Прошло несколько часов, и я постепенно прихожу в себя. Ну ладно, Люси, красавица моя. Ты можешь попытаться еще раз. В конце концов, каждый имеет право на вторую попытку.
К тому же я кое-что придумала и радуюсь этому. После четвертой чашки кофе уже не могу усидеть на месте. Смотрю на экран мобильника – который час? Половина девятого.
Если память меня не подводит, мы с этим противным дедулькой встретились в булочной около половины десятого, так что я еще успею привести свой план в исполнение. Натянув старые джинсы и розовый свитер, иду в лавку Амандины, полная решимости скупить там все яблочные слойки, сколько есть.
Раскладывая по бумажным пакетикам семь кунь-аманов, булочница щурится, с сомнением поглядывает на меня и, не удержавшись, замечает:
– Наш Леонар будет недоволен…
Потом, пристально на меня посмотрев, догадывается, что я что-то от нее утаила.
– Вы это явно неспроста делаете.
– Очень может быть. Но имейте в виду, что я не мегера, и этот ворчун получит свой яблочный кунь-аман. Только ему придется зайти ко мне. Послушайте, может, перейдем на ты?

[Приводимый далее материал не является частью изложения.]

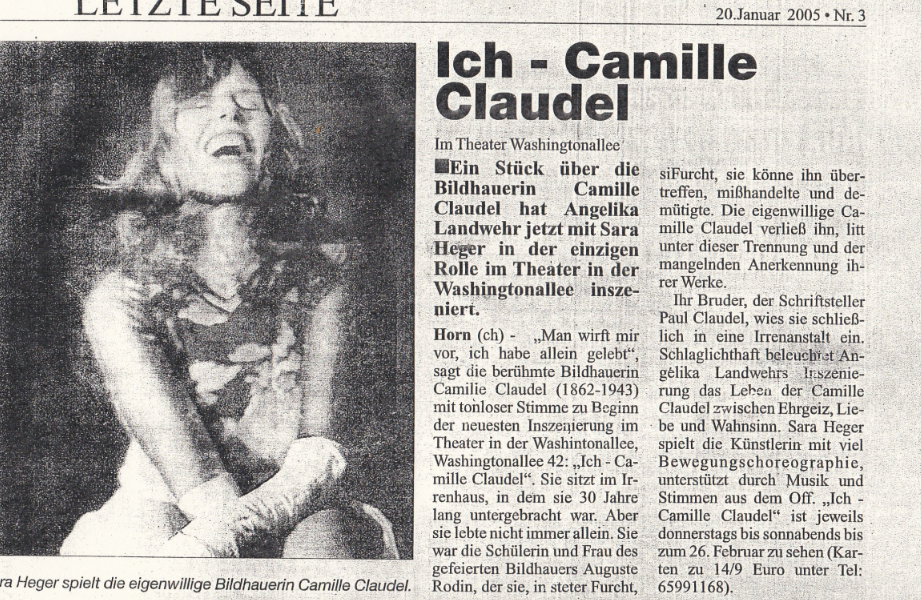Schauspielerin mit dem Solostück "Camille Claudel im Logensaal, Hamburg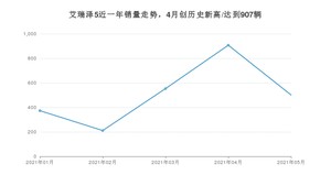 2021年5月,艾瑞泽5销量为501辆,同比下降19.84%,环比下降44.76%。1-5月份,艾瑞泽5销量为2545辆,同比增长121.3%。在最近1年中,艾瑞泽5销量在2021年04月达到最高,销量为907辆。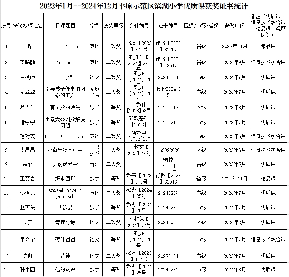 平原示范区滨湖小学优质课获奖证书统计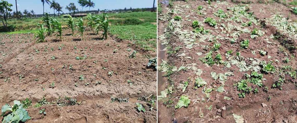 Entre as áreas mais críticas que a “Carta” visitou, pudemos constatar que se destacam as que estão mais próximo à fábrica da 2M, visto que devido às chuvas que caíram nos últimos dias, cortou-se uma via que permitia a transitabilidade dos fornecedores de estrume aos agricultores e facilitava que os carros entrassem mais adiante para transportar os revendedores que abastecem as cidades. Testemunhamos também várias machambas sem produtos e, dos vários locais que visitamos, era visível grande parte de hortícolas queimadas.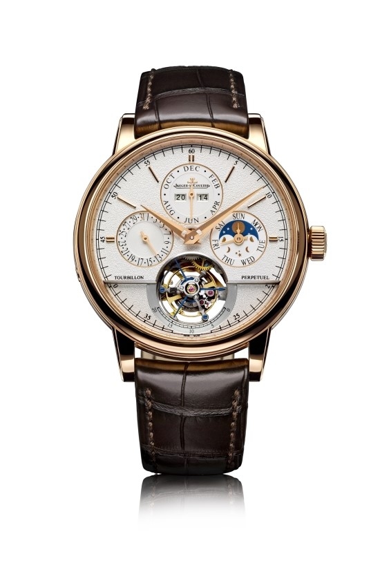 19세기 후반 예거 르쿨트르 매뉴팩쳐에서 생산한 포켓 워치에서 영감을 얻은 ‘마스터 그랑 트래디션 투르비옹 실린더릭 퀀템 퍼페추얼’은 지름 42mm, 두께 13.1mm 사이즈의 케이스는 핑크 골드 소재로 제작되어 있다. 그레인 처리된 클래식한 실버 다이얼 위에는 전통적인 디자인의 슬림한 미닛 서클과 막대 형태의 아워 마커, 날짜를 표시하는 9시 방향의 서브 다이얼, 월과 연도를 표시하는 12시 방향의 서브 다이얼, 그리고 문페이즈의 원주를 따라 요일을 표시하는 3시 방향의 서브 다이얼 등 퍼페추얼 캘린더의 인디케이터들은 투르비옹 상단에 조화롭고 가독성 높은 형태로 배치되어 있어 아름답게 균형 잡힌 우아한 외관을 보여준다.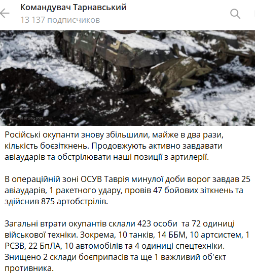 Также, по его словам, за прошедшие сутки россияне нанесли 25 авиаударов, один ракетный удар и совершили 875 артобстрелов.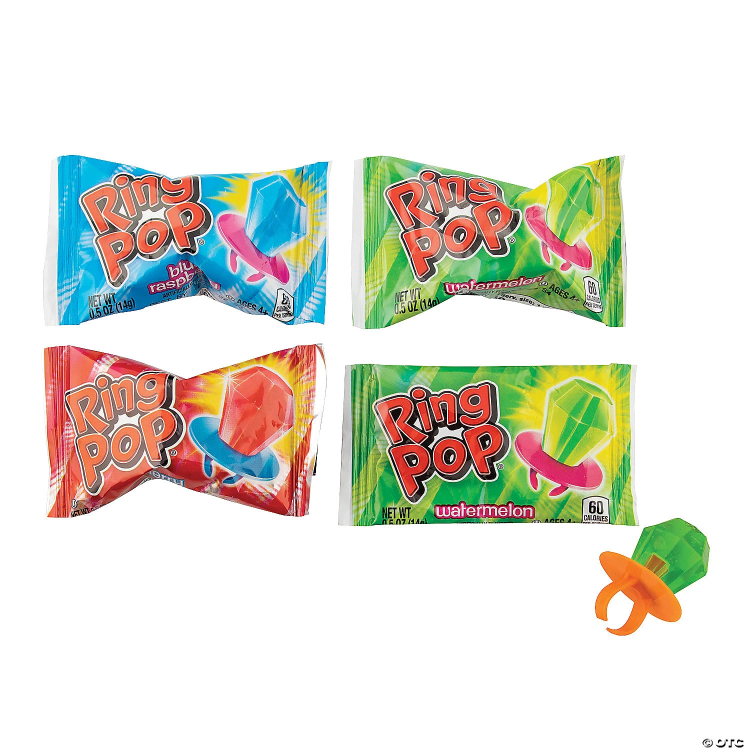 Get your hands on this limited edition mix of Topps Ring Pops® featuring original flavors, sour flavors and fun “twisted” flavor combinations. At only 60 calories per serving, these iconic candies come in a sturdy plastic container that is perfect for the classroom or for handing out to kids as giveaways or prizes. Assorted flavors. Individually wrapped. (50 pcs. per unit) Total wt., 20 oz. Dairy-free. Gluten-free. Kosher. Nut-free.• Made in the USA, Important Country of Origin Information: For certain items sold by Oriental Trading on our Web or Mobile sites, country of origin information can change and what is displayed may not be accurate or consistent with manufacturer information. For up to date country of origin information, it is recommended that you rely on product packaging or other manufacturer information.• Ingredient, nutrition, allergen and other product information are provided on our Web and Mobile sites for reference purpose only, without warranty or representation as to accuracy. Manufacturers adjust their labeling regularly and are solely responsible for the accuracy of the information. For general questions concerning these items, please contact our customer service at 800-228-0475.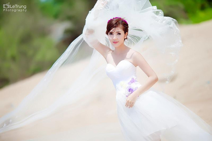 | Thiên thần có gương mặt xinh xắn khiến diễn viên Hàn Quốc cũng phải ghen tỵ: Linh Napie tinh khôi trong màu áo cưới. Khăn voan đội đầu kết hợp với vòng hoa tự nhiên tuyệt xinh. Chiếc nơ hoa màu tím ở vòng eo là điểm nhấn nổi bật của chiếc váy cưới. |
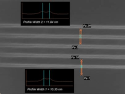 For this purpose, aptitude tests were carried out at Raith GmbH. The area dose was approx. 1250 μC/cm² (30 kV); the resolution of single lines about 11 nm (Fig. 1). Development was performed in aqueous-alkaline manner in a strong TMAH solution. Even higher resolutions are possible if specially adapted developers are used.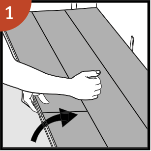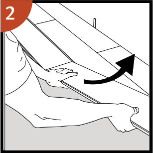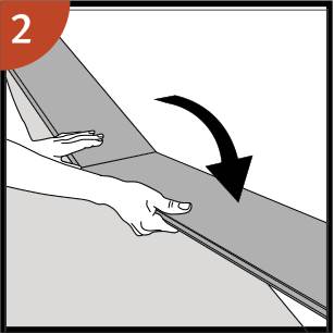 Coloca el tablón en ángulo con respecto al de la fila anterior, empuja hacia adelante y pliégalo hacia abajo al mismo tiempo.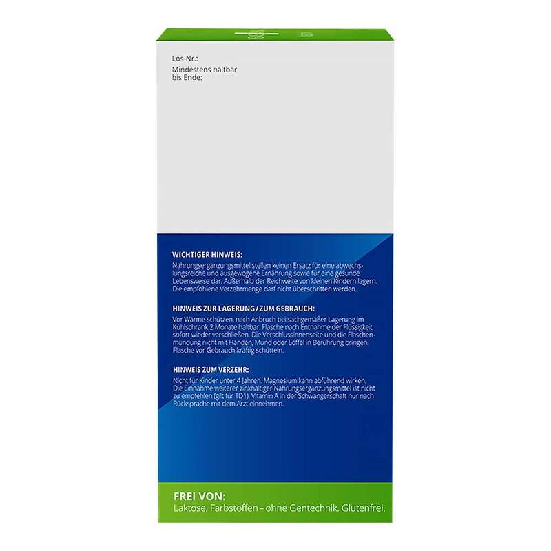 Nicht für Kinder unter 4 Jahren. Magnesium kann abführend wirken. Die Einnahme weiterer zinkhaltiger Nahrungsergänzungsmittel ist nicht zu empfehlen. Vitamin A in der Schwangerschaft nur nach Rücksprache mit dem Arzt empfehlen. Personen, die sich einem Labortest unterziehen müssen, sollten das ärztliche Personal darüber informieren, dass sie Biotin einnehmen oder kürzlich eingenommen haben.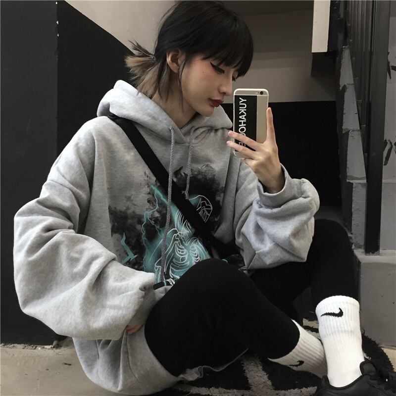 フードセーター レディース秋物ウィンター韓国ファッショントレンドダーク厚みルーズコート オータム 冬物 ボーイズ スタイル デーモン11720535534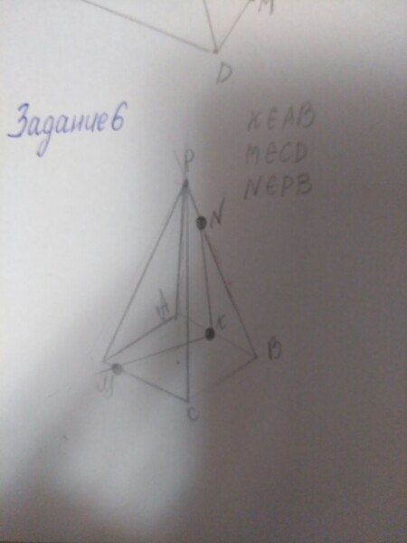 Помогите построить сечение четырехугольной пирамиды по заданным точкам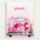 A soft pink watercolor planner cover featuring a cute vintage truck filled with flowers, gifts, and hearts.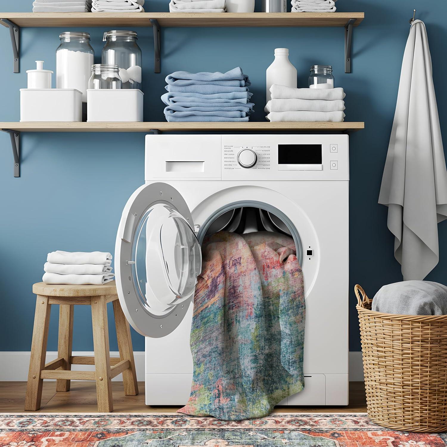 Machine Washable for Easy Care: No need for spot cleaning , simply place it in the washing machine for a quick refresh! Made from durable synthetic polyester, it stays soft and retains its shape. Small sizes fit in a home washer, while larger rugs may require a commercial machine.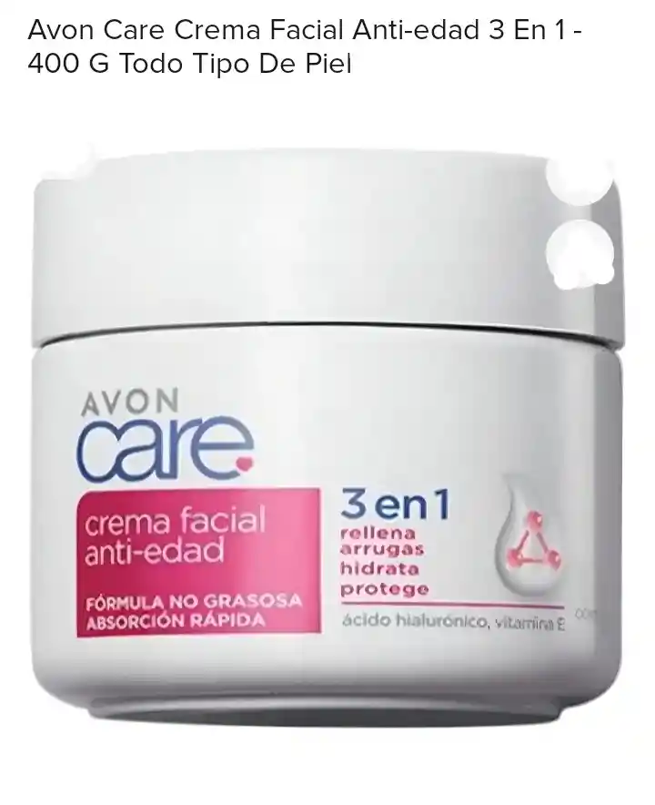 Esta innovadora fórmula 3 en 1 no solo reafirma y protege tu piel de las agresiones externas, sino que también la hidrata profundamente, difuminando líneas finas y arrugas para una elasticidad y firmeza inigualables. Enriquecida con la potencia del ácido hialurónico, que retiene la humedad para una suavidad duradera, y la Vitamina E, un escudo antioxidante contra el daño oxidativo, tu piel se sentirá renovada y protegida día tras día. Además, restaura la barrera de la piel contra las agresiones externas, defendiendola del estrés ambiental y los radicales libres Ideal para todo tipo de piel, su textura ligera y de rápida absorción la convierte en el complemento perfecto para tu rutina diaria, tanto de día como de noche. Presentada en un generoso envase de 400 gramos, esta crema antiarrugas hipoalergénica y libre de parabenos ha sido dermatológicamente testeada para asegurar el máximo cuidado y respeto por tu piel. Descubre el poder de una piel suave, flexible y luminosa con Avon Care. ¡No esperes más para experimentar la transformación! Especificaciones: -Contenido: 400 gr. -Piel: Todo tipo de piel. -Ingredientes: Con ácido hialurónico y Vitamina E. -Hipoalergénico. Libre de parabenos. -Está dermatológicamente testeado. -Momento De Aplicación: Día/Noche.

– Конечно! Значит, ты не боишься?
– Леонара? Меня не так легко напугать.
Я не стала признаваться ей, что панически боюсь моли и ору при виде бабочки, а муравей немедленно обращает меня в бегство. Но что касается Леонара – я уверена, что сумею его смягчить. Хотя бы самую чуточку. В конце концов, надо же мне поддерживать добрые отношения с соседями. И если булочки могут мне помочь, я этим воспользуюсь.
На обратном пути снова иду мимо книжного магазина и замечаю, что он по-прежнему закрыт. Из любопытства проверяю расписание его работы на двери, но могу лишь убедиться, что оно не соответствует действительности. Книжный вообще-то должен быть открыт с девяти до семи с понедельника по субботу. Надо спросить у Амандины, она всех здесь знает и точно сможет мне сказать.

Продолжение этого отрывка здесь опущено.